The media used to build SSD is mostly RAM or flash. Both provide very good random access latency and bandwidth  that is comparable (but still lower) than the SSD’s sequential access latency and bandwidth. Flash media has other limitations (no direct rewrite ability) that force SSD designers to implement complex redirect on write schemes. In most cases, a sequential write access is much easier to handle than random write access, so the bi-modal behavior is somehow retained. On the other hand, read operations are much less affected from this complexity and enterprise level SSDs are built in a way that minimize the sequential/random access performance gap. The sequential write access performance of a typical desktop SSD is about order of magnitude better than its random write performance. For enterprise level SSDs, the performance factor gap may narrow down to about 2, and in many cases the random performance is good enough (i.e. it is not the performance bottleneck of the system). More specifically, random access patterns using small blocks are not performance horrors anymore.

Storage related data structures

When applications needs access to data on HDDs they tend to organize it in a way that is optimized to the random/sequential bi-modality. For example data chunks that have good change to be accessed together or at least during a short period of time, are stored close one to each other (or in storage talk – identify “locality of reference” and transform temporal locality to spatial locality). Applications also tend to use data structures that are optimized for such locality of reference, (such as B-Trees) and avoid data structures that are not (such as hash tables). Such data-structures by themselves may introduce additional overheads for using random/sparse access patterns, and by that create a magical circle where the motivation to use sequential accesses is getting bigger and bigger.

The SSD effect:

Data structures that are meant to exploit the data’s locality of reference still works for SSDs.
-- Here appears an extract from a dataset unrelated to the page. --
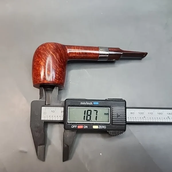 While it can sometimes be quite difficult to know who made a specific Astleys pipe, we have confirmed through our access to Astleys company records, and through Mr Wood himself, that this particular specimen was made by Les Wood of Ferndown fame. Those familiar with Wood’s work will likely recognize it immediately as one of his, as it is a beautifully crafted, classic English billiard, with a hand cut cumberland stem and a sterling silver band with the L&JS maker’s mark. This beautiful Lovat also comes with it’s original box!

But as the sequential/random access gap is much smaller, such data structures may cease to be the best structures for many applications, as there are other (application depended) issues that should be the focus of the data structure optimizations instead of the common storage locality of reference. For example, sparse data structures such as hash tables may be much more applicable for some use cases than the current used data structures.

Read and write caches

HDD’s random access latencies are huge comparing to most other computer sub-systems. For example, a typical round-trip time of a packet in a modern 1Gb Ethernet LAN  is about 100 usec. The typical latency of a random 4k HDD IO (read or write) operation is about 4-10 msec (i.e. 40-100 times slower). Read and write caches attempt to reduce or at least hide some of the HDD random IO latency:

  • Read caches keep an copy of the frequently accessed data blocks using some faster media, most commonly RAM. During the read IO flow, the requested read (offset) is looked up in the read cache and if it is found the slow IO operation is completely avoided.
  • Write caches keep last written data in much faster media (e.g. RAM/NVRAM) and write it back (“destage”) to the HDD layer in the background, after the user write is acknowledged. This “hides” most of the write latency and let the system optimize the write (“destage”) bandwidth by applying write-coalescing (known also as “”write combining“”) and write-reordering  (e.g. “elevator algorithm“) techniques.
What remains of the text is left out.